Julián Calero, szkoleniowiec Levante, nie ukrywał podziwu dla poziomu, jaki prezentuje drużyna Realu Madryt po przegranym meczu jego zespołu z Królewskimi. Hiszpański trener przyznał, że madrytczycy operują piłką i podejmują decyzje z niezwykłą szybkością, co sprawia, że są niezwykle groźni, szczególnie w kontratakach. Mimo porażki, Calero podkreślał, że jego zespół chciał pozostać wierny swojej tożsamości.

W skrócie:
- Real Madryt imponuje szybkością zarówno w operowaniu piłką, jak i w podejmowaniu decyzji na boisku
- Levante starało się zachować swoją tożsamość pomimo potęgi przeciwnika
- Decydujący dla losów spotkania okazał się rzut karny wykorzystany przez zawodników Realu
Real Madryt – maszyna działająca z zawrotną prędkością
Julián Calero nie szczędził słów uznania dla poziomu prezentowanego przez Real Madryt podczas spotkania z jego drużyną. „Robią wszystko z bardzo dużą szybkością” – stwierdził wprost trener Levante, podkreślając, że właśnie to tempo działania jest największym atutem Królewskich. Szkoleniowiec przyznał, że jego podopieczni mieli ogromne problemy z przeciwdziałaniem błyskawicznym akcjom rywali, szczególnie w fazach przejściowych, gdy Real odzyskiwał piłkę i błyskawicznie przenosił ciężar gry na połowę przeciwnika.

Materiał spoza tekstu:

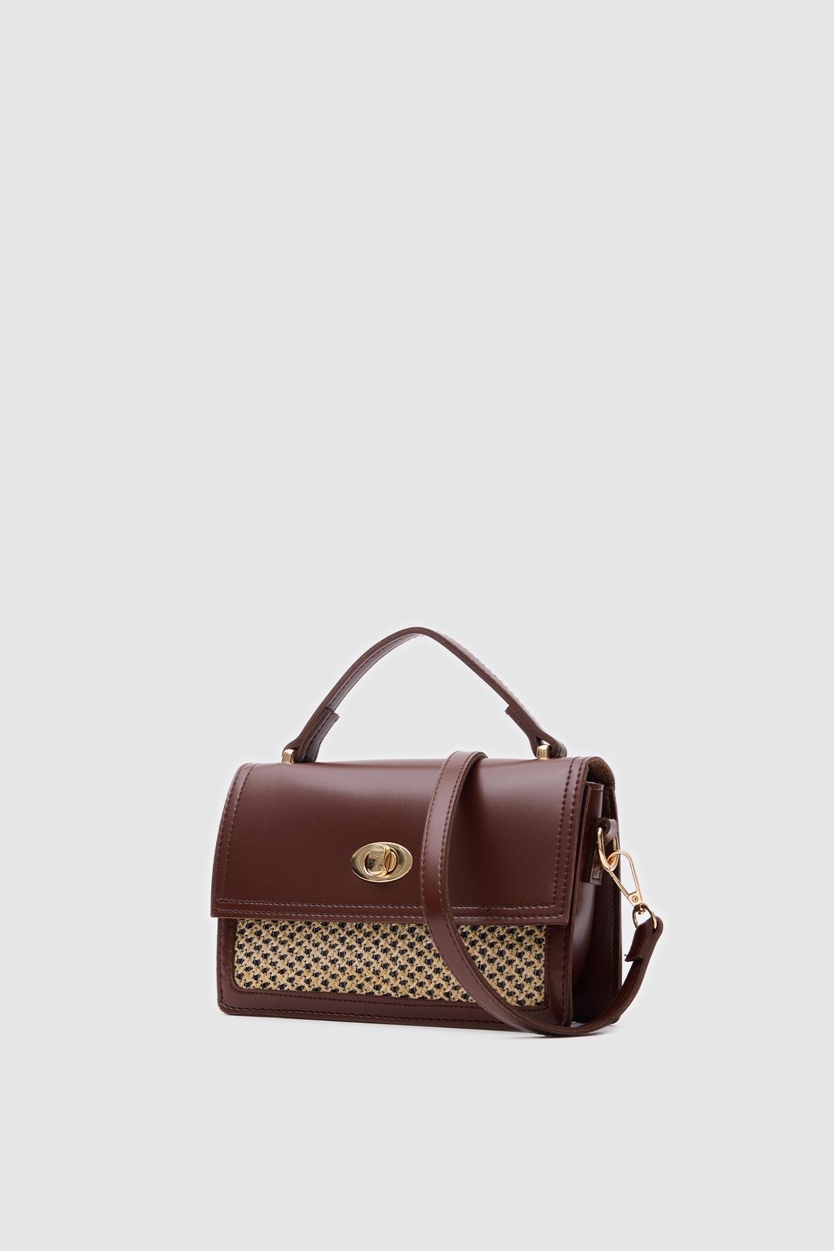 Oxxo Hasır Detaylı Çapraz Çanta Fındık Kabuğu

„Są szybcy i precyzyjni. Wyrządzili nam dużo szkód w kontratakach” – analizował Calero, wskazując na główny powód porażki swojego zespołu. Trener przyznał, że pomimo świadomości tych zagrożeń, jego drużyna nie była w stanie skutecznie przeciwdziałać szybkim atakom madrytczyków.
Wierność zasadom pomimo rangi przeciwnika
Mimo porażki z jednym z najlepszych zespołów w Europie, Calero podkreślał, że jego zespół starał się grać zgodnie ze swoją filozofią.
„Nie mam zespołu, żeby grać inaczej. W niskim bloku nie bronimy dobrze, ponieważ dusza moich zawodników jest inna. Nie można tracić tożsamości pomimo rangi przeciwnika” – tłumaczył szkoleniowiec Levante.
Calero zauważył również, że jego drużyna poprawiła swoją grę po przerwie: „Zaczęliśmy całkiem dobrze drugą połowę i myślałem, że jeśli nie będziemy tracić piłek, które pozwalają im na kontrataki, będziemy mieli swoje szanse„. Niestety dla Levante, rzut karny wykorzystany przez Real Madryt okazał się decydujący dla losów spotkania.
„To nie była nasza liga, ale chcieliśmy wygrać” – przyznał szczerze trener, dodając, że teraz zespół musi przejść do kolejnego wyzwania. Mimo porażki, Calero starał się dostrzec również pozytywne aspekty występu swojej drużyny, podkreślając jej ambicję i chęć rywalizacji nawet z tak potężnym przeciwnikiem.